I opened my eyes. His love was as present as it had ever been, hard with ardor and tender with adoration.

“I love you.” My words seemed insufficiently poetic. “I love you so much. And I want to kiss you but I shouldn’t.”

He spread his hand over my neck, exerting a slight pressure toward him. He wanted that kiss. I wanted that kiss. That exchange of sensation in the most sensitive parts of our body.


I spun around. Gabby was in bear crawl position. Hands on the floor, knees straight, feet leveraged on the linoleum floor.

“Gabby! Stop!”

I went for her but a single syllable from Jonathan held me.

“Wait!” He barked in a fragile voice that hadn’t sounded as brittle a second before. I looked back at him. What his voice couldn’t impart, his raised hand did. “Just wait.”

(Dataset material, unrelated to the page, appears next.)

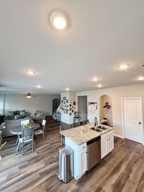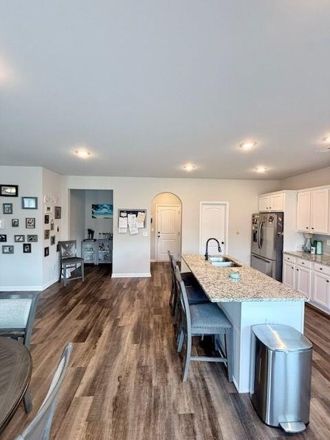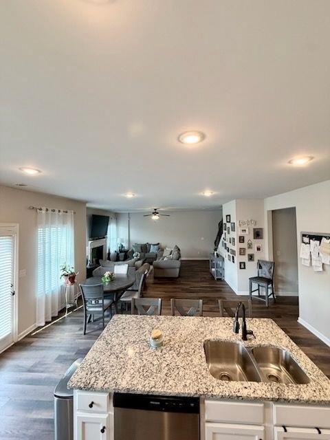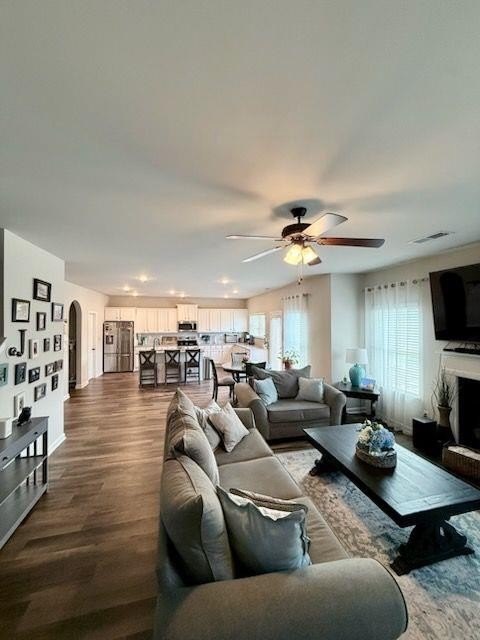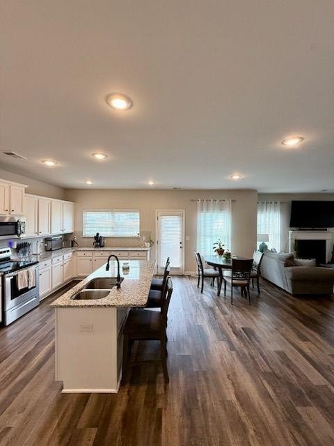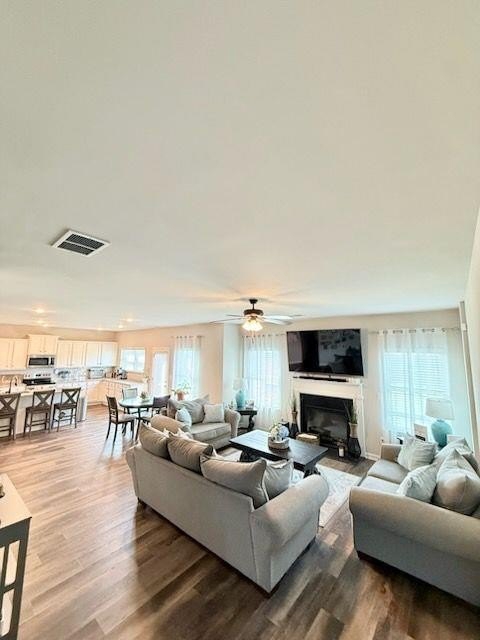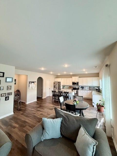 a spacious family room that seamlessly flows into an open-concept kitchen, creating

Gabby’s hands left the floor and she stood as she always did. She wouldn’t be crawling over to us. That was good.

“Wait,” Jonathan said again as if he knew. As if his heart could see into his daughter’s intentions.

She moved one foot forward tenuously. I gasped.

Arms out, she took another step.

“Daddy!” She waved to him with her fat little fingers. Another step. More confident.

I crouched down and held my arms out.

“Come on,” I said.

She took another, picking her foot up a little more. Looking up at her father to make sure she was okay. Another step. So close.

“One more,” Jonathan said. “Go ahead, little girl.”

One more turned into two and she fell into my arms.

The cheer from the three of us brought the doctors and nurses in like an invading army.

I didn’t try to hide his proximity to his daughter. Instead, I leaned down so he could give her the high-five she so richly deserved.

I never doubted he could love us with an artificial heart, but seeing his face as he touched his daughter’s hand, I knew he didn’t doubt it either. He’d love us as much as he ever did for the rest of his long, long life.


My name is Monica Faulkner-Drazen.

I am an artist.

I will make music until my heart is empty, then I will fill it again. To do any less is to cheat myself and my family of my full humanity.

I am mother to my child.

I will protect her from harm. I will nurture her to womanhood. She will be resilient and tender. Compassionate and strong. She will know her worth and demand that everyone around her be worth the same. She will be a warrior because I am a warrior.

I am Jonathan’s mate.

I will protect him from harm. I will give him everything he needs and more. I will submit to him and partner with him. Care for him and let him care for me. I will speak my mind and listen to him with an open heart because to do any less is to cheat him of my own love. I will accept his love for the prize it is, never take it for granted, never reject it or find it insufficient.

My name is Monica Faulkner-Drazen.

I stand nearly six feet tall in bare feet, but with my family, I can reach the clouds.

Jonathan is the sky. I am the sea. Our daughter is the horizon that cements us together.